Houston Methodist Sugar Land Hospital is the first in Fort Bend County to successfully implant a breakthrough pacemaker designed to treat atrioventricular (AV) block. AV block is a slow heart beat due to a lack of communication between the top and bottom part of the heart.

 

Board-certified electrophysiologist Apoor Patel, M.D., of Houston Methodist DeBakey Cardiology Associates at Sugar Land, performed the procedure in March, implanting the new Micra™ AV pacemaker in a 80-year-old female patient. The device was approved by the U.S. Food and Drug Administration in January 2020. 

 

“The new device is a significant advance in technology that helps restore the heart’s normal rhythm and eliminate the symptoms of AV block without the potential discomfort and complications of traditional pacemakers,” said Patel.

 

The new pacemaker is one-tenth the size of a traditional pacemaker – comparable in size to a large vitamin – and can be inserted via catheter directly into the heart in a minimally invasive procedure. Because it does not require a surgical pocket under the skin, there are no visible signs that the device is in place – a common patient complaint about traditional pacemakers.

 

AV block is a condition that impairs the electrical signals between the chambers of the heart, known as the atria and the ventricles, which can lead to fainting, dizziness, fatigue, passing out, shortness of breath and chest pain. The pacemaker helps restore the heart's normal rhythm by coordinating this electrical activity to ensure a proper heart rate and normal blood flow.

 

When this rhythm – known as AV synchrony – is achieved, patients are healthier and have an improved quality of life.

 

“The device utilizes internal atrial sensing algorithms that detect cardiac movement, allowing the device to adjust pacing in the ventricle to coordinate with the atrium,” said Patel. “This constant algorithmic sensing provides superior AV synchronous pacing therapy to patients with AV block.”

 

Traditional pacemakers are implanted in the upper chest, under the skin below the collar bone, and connect to the heart via thin wires known as leads.

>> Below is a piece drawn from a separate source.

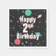 Raketets fraktaser, kometer och planeter i svart rymden för barnets andra födelsedag

The location and connectivity of traditional pacemakers sometimes lead to long term complications.

 

Because it is lead-less and is placed directly in the heart, the device reduces the likelihood of some of the complications associated with traditional pacemakers.

 

“Having a device in one chamber of the heart that can in turn sense the other chamber of the heart and help the heart beat in a coordinated fashion is a novel breakthrough,” said Patel. “We are excited to be able to offer patients this new technology when indicated.”